- **Exercise instructions**
Pictures within the data are to be left out; everything else must be reproduced exactly.

- **Data section**
= Beginning of Section =
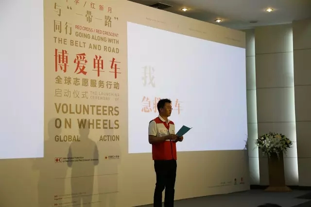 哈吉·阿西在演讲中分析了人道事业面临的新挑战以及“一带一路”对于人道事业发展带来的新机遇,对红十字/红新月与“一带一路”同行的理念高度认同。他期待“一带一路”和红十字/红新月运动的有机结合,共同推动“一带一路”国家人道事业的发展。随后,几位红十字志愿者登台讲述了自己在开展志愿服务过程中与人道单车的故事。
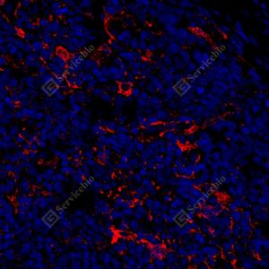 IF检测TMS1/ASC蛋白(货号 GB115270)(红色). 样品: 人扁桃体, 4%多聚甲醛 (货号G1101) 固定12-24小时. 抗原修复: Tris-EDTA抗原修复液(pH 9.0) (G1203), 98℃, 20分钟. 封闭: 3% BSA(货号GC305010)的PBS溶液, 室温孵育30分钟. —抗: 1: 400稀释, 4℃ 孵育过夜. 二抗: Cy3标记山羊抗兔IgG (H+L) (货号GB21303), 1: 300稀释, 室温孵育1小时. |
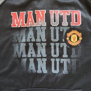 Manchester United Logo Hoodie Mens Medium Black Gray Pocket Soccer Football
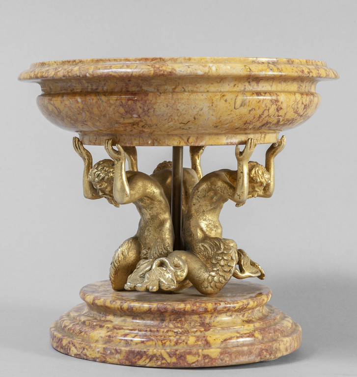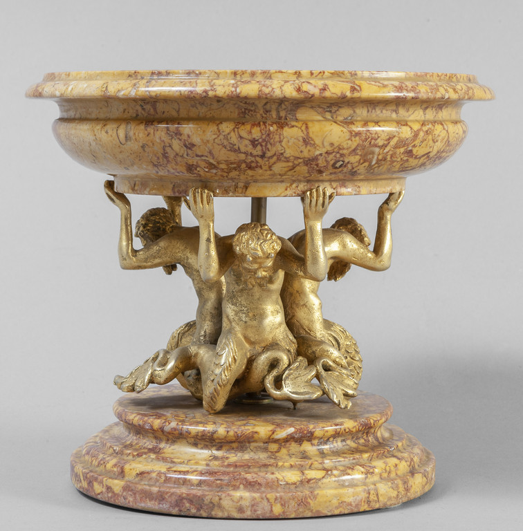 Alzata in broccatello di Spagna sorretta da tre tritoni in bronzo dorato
= End of Section =
- **Solution to this task**
 哈吉·阿西在演讲中分析了人道事业面临的新挑战以及“一带一路”对于人道事业发展带来的新机遇,对红十字/红新月与“一带一路”同行的理念高度认同。他期待“一带一路”和红十字/红新月运动的有机结合,共同推动“一带一路”国家人道事业的发展。随后,几位红十字志愿者登台讲述了自己在开展志愿服务过程中与人道单车的故事。
 IF检测TMS1/ASC蛋白(货号 GB115270)(红色). 样品: 人扁桃体, 4%多聚甲醛 (货号G1101) 固定12-24小时. 抗原修复: Tris-EDTA抗原修复液(pH 9.0) (G1203), 98℃, 20分钟. 封闭: 3% BSA(货号GC305010)的PBS溶液, 室温孵育30分钟. —抗: 1: 400稀释, 4℃ 孵育过夜. 二抗: Cy3标记山羊抗兔IgG (H+L) (货号GB21303), 1: 300稀释, 室温孵育1小时. |
 Manchester United Logo Hoodie Mens Medium Black Gray Pocket Soccer Football
 Alzata in broccatello di Spagna sorretta da tre tritoni in bronzo dorato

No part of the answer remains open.